Gardienne de la politique commerciale de l’UE, la Commission européenne avait conclu fin avril avec ces quatre Etats et la Roumanie un accord prévoyant jusqu’au 5 juin des «mesures de sauvegarde» pour leur permettre de bloquer sur leur sol la commercialisation de blé, maïs, colza et tournesol ukrainiens, à condition qu’ils n’empêchent pas leur transit vers d’autres pays.

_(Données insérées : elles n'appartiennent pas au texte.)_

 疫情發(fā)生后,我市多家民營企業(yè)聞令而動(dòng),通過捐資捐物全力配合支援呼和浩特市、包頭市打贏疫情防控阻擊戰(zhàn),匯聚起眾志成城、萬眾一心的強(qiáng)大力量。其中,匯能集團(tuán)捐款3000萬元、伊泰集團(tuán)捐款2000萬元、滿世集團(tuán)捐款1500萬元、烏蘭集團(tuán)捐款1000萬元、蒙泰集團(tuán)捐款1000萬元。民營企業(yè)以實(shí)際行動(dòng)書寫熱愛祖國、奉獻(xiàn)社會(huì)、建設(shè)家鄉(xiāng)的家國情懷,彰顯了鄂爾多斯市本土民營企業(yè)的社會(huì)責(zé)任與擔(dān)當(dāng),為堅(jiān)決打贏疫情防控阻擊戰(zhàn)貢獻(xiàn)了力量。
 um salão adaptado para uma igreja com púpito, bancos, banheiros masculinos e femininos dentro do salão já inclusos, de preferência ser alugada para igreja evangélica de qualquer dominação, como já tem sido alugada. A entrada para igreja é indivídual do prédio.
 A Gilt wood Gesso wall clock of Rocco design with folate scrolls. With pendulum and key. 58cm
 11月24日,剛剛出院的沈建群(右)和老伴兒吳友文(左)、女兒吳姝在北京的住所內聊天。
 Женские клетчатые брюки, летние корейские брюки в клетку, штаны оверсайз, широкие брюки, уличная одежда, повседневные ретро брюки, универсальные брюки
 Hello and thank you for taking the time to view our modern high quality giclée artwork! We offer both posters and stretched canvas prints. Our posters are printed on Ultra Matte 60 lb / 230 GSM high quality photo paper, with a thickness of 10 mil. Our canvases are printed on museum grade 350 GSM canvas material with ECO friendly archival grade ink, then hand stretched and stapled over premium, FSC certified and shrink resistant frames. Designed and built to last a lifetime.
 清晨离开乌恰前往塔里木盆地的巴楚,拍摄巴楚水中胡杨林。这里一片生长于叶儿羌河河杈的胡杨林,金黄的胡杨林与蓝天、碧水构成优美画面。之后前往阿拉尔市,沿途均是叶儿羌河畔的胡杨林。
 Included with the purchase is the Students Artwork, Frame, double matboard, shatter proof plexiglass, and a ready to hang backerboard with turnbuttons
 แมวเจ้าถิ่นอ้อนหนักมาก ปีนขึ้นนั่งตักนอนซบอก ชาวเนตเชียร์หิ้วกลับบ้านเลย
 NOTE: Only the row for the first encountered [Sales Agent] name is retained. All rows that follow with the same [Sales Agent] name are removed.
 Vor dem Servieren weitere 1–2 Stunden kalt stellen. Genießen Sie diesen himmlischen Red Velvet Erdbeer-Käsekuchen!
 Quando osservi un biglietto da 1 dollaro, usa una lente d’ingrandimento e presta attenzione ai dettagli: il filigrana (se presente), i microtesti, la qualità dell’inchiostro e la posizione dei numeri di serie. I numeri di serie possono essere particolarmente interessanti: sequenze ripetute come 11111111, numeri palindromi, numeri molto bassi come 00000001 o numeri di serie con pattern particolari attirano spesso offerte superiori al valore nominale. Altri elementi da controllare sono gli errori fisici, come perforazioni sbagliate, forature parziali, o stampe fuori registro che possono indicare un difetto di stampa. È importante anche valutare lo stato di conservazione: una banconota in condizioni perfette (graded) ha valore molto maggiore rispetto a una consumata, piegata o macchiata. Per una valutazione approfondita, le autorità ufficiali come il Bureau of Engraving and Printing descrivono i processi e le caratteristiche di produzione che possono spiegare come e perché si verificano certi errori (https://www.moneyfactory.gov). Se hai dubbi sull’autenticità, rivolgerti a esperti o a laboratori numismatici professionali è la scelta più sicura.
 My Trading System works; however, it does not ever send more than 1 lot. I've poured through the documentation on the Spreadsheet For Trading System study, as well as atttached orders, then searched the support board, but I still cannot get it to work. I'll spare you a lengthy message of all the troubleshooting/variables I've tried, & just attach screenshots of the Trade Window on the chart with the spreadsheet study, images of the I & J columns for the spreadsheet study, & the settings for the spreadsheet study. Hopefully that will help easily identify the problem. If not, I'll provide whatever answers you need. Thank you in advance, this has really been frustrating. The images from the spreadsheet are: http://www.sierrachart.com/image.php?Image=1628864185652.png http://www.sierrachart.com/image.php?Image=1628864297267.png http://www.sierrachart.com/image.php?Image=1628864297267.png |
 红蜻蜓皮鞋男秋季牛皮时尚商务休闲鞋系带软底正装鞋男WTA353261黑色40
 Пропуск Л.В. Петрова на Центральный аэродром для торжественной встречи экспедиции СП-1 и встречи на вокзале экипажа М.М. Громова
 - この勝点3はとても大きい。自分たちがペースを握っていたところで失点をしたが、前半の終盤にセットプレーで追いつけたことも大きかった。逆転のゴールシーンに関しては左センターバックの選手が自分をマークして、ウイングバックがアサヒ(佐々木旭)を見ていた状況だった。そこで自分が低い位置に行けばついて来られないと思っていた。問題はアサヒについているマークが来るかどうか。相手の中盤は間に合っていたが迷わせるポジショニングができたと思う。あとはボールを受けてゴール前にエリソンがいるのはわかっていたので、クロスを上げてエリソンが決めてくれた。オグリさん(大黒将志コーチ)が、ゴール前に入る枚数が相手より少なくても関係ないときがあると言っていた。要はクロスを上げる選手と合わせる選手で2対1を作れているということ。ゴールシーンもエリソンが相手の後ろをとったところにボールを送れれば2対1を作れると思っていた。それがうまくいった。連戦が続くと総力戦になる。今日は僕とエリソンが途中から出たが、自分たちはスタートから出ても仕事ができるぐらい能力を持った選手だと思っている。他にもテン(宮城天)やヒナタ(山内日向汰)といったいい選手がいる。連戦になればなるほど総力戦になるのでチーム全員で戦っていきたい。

«Il est nécessaire de prolonger (ces restrictions) au minimum jusqu’à fin octobre, et idéalement jusqu’à la fin de l’année, après les récoltes, sans quoi nous aurons un énorme problème», a indiqué M. Wojciechowski à l’issue d’une réunion des ministres de l’Agriculture de l’UE.
Il a cependant précisé que la Commission n’avait pas arrêté sa position. «Le problème est qu’il y a désormais davantage de céréales dans les réserves des états riverains qu’en Ukraine. Nous devons prolonger les restrictions temporaires d’importation pour améliorer la situation», a-t-il ajouté, appelant à muscler les moyens logistiques pour désengorger les stocks de céréales.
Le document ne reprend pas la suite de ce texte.